The opening production of the National Theatre was Hamlet in October 1963, starring Peter O'Toole and directed by Olivier. O'Toole was a guest star, one of occasional exceptions to Olivier's policy of casting productions from a regular company. Among those who made a mark during Olivier's directorship were Michael Gambon, Maggie Smith, Alan Bates, Derek Jacobi and Anthony Hopkins. It was widely remarked that Olivier seemed reluctant to recruit his peers to perform with his company. Evans, Gielgud and Paul Scofield guested only briefly, and Ashcroft and Richardson never appeared at the National during Olivier's time. (Note: Billington describes Olivier's attitude to Richardson and others as "most ungenerous".) Robert Stephens, a member of the company, observed, "Olivier's one great fault was a paranoid jealousy of anyone who he thought was a rival".

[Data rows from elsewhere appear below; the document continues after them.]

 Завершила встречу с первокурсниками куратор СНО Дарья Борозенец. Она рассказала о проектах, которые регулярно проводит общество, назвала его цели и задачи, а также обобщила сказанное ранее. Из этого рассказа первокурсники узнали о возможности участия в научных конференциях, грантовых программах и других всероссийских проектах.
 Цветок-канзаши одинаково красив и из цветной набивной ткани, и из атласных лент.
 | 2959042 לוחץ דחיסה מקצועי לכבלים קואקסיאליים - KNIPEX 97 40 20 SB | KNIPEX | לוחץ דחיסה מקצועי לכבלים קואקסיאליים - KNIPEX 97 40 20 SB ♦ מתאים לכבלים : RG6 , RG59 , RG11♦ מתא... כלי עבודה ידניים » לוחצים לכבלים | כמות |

In his decade in charge of the National, Olivier acted in thirteen plays and directed eight. Several of the roles he played were minor characters, including a crazed butler in Feydeau's A Flea in Her Ear and a pompous solicitor in Maugham's Home and Beauty; the vulgar soldier Captain Brazen in Farquhar's 1706 comedy The Recruiting Officer was a larger role but not the leading one.

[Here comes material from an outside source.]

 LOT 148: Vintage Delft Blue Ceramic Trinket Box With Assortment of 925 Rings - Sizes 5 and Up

Apart from his Astrov in the Uncle Vanya, familiar from Chichester, his first leading role for the National was Othello, directed by Dexter in 1964. The production was a box-office success and was revived regularly over the next five seasons. His performance divided opinion. Most of the reviewers and theatrical colleagues praised it highly; Franco Zeffirelli called it "an anthology of everything that has been discovered about acting in the past three centuries." Dissenting voices included The Sunday Telegraph, which called it "the kind of bad acting of which only a great actor is capable ... near the frontiers of self-parody"; the director Jonathan Miller thought it "a condescending view of an Afro Caribbean person".

The burden of playing this demanding part at the same time as managing the new company and planning for the move to the new theatre took its toll on Olivier. To add to his load, he felt obliged to take over as Solness in The Master Builder when the ailing Redgrave withdrew from the role in November 1964. (Note: Because of this additional commitment, Olivier had to drop his plan to direct Coward's Hay Fever. The author took over the production with a cast, headed by Edith Evans, that Coward said could successfully have played the Albanian telephone directory.) For the first time Olivier began to suffer from stage fright, which plagued him for several years. The National Theatre production of Othello was released as a film in 1965, which earned four Academy Award nominations, including Best Actor for Olivier.

In 1965, Olivier concentrated on management, directing one production (The Crucible), taking the comic role of the foppish Tattle in Congreve's Love for Love, and making one film, Bunny Lake is Missing, in which he and Coward were on the same bill for the first time since Private Lives. In 1966, his one play as director was Juno and the Paycock. The Times commented that the production "restores one's faith in the work as a masterpiece". In the same year Olivier portrayed the Mahdi, opposite Heston as General Gordon, in the film Khartoum.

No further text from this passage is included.